Your task :: Write out the full listing exactly as given, minus the images.

Available data ::
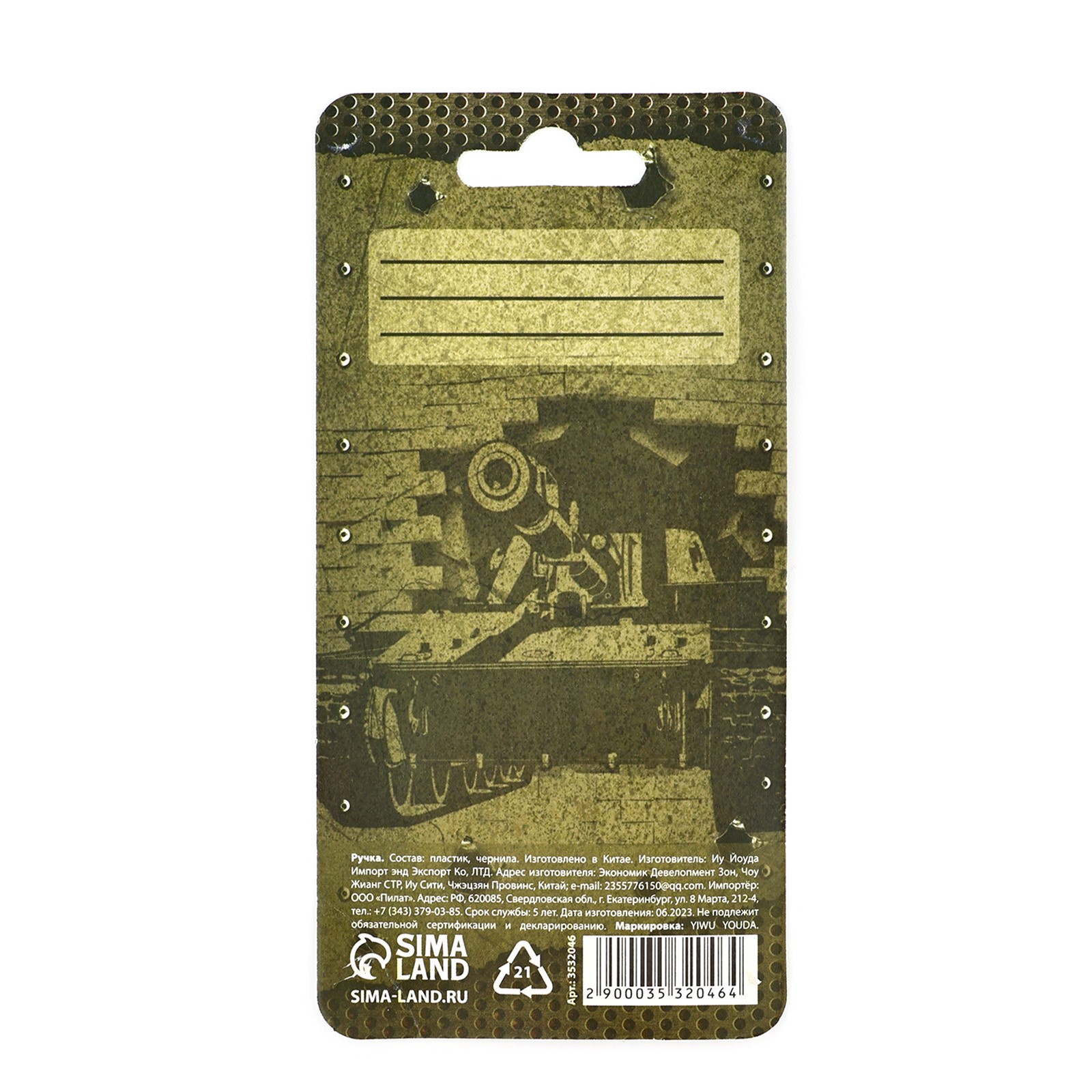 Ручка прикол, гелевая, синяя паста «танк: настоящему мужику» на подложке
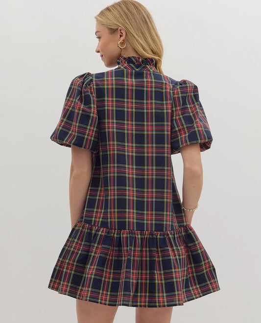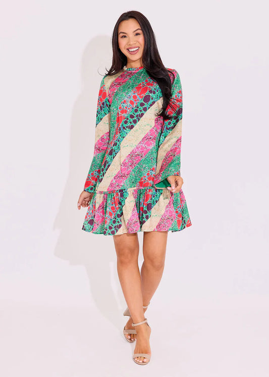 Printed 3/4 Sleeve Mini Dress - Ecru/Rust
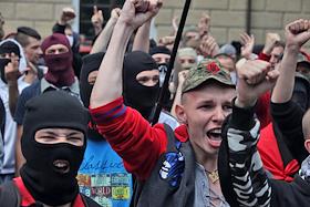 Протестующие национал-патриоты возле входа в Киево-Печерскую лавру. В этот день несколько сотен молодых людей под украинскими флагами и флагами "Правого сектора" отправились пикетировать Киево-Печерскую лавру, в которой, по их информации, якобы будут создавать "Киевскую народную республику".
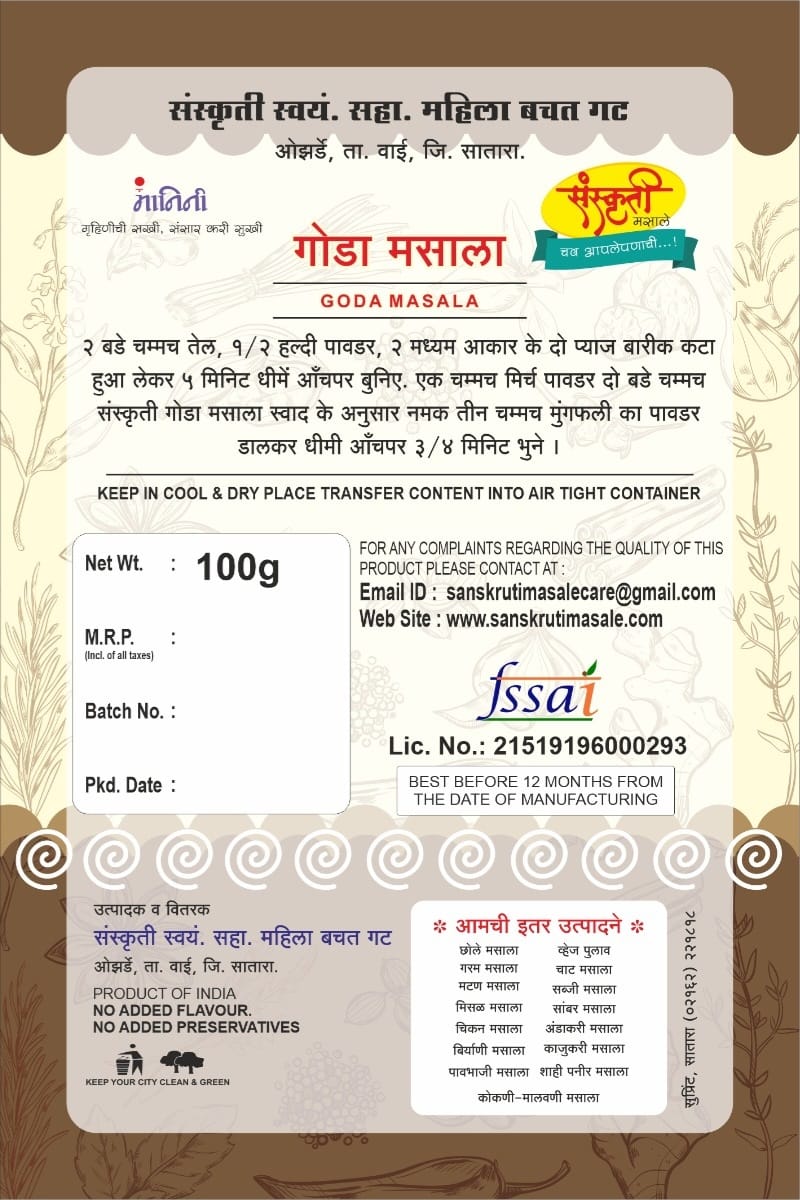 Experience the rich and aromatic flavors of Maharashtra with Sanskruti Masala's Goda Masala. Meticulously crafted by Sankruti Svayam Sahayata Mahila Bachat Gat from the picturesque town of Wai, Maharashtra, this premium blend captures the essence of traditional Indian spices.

Result ::
 Ручка прикол, гелевая, синяя паста «танк: настоящему мужику» на подложке
 Printed 3/4 Sleeve Mini Dress - Ecru/Rust
 Протестующие национал-патриоты возле входа в Киево-Печерскую лавру. В этот день несколько сотен молодых людей под украинскими флагами и флагами "Правого сектора" отправились пикетировать Киево-Печерскую лавру, в которой, по их информации, якобы будут создавать "Киевскую народную республику".
 Experience the rich and aromatic flavors of Maharashtra with Sanskruti Masala's Goda Masala. Meticulously crafted by Sankruti Svayam Sahayata Mahila Bachat Gat from the picturesque town of Wai, Maharashtra, this premium blend captures the essence of traditional Indian spices.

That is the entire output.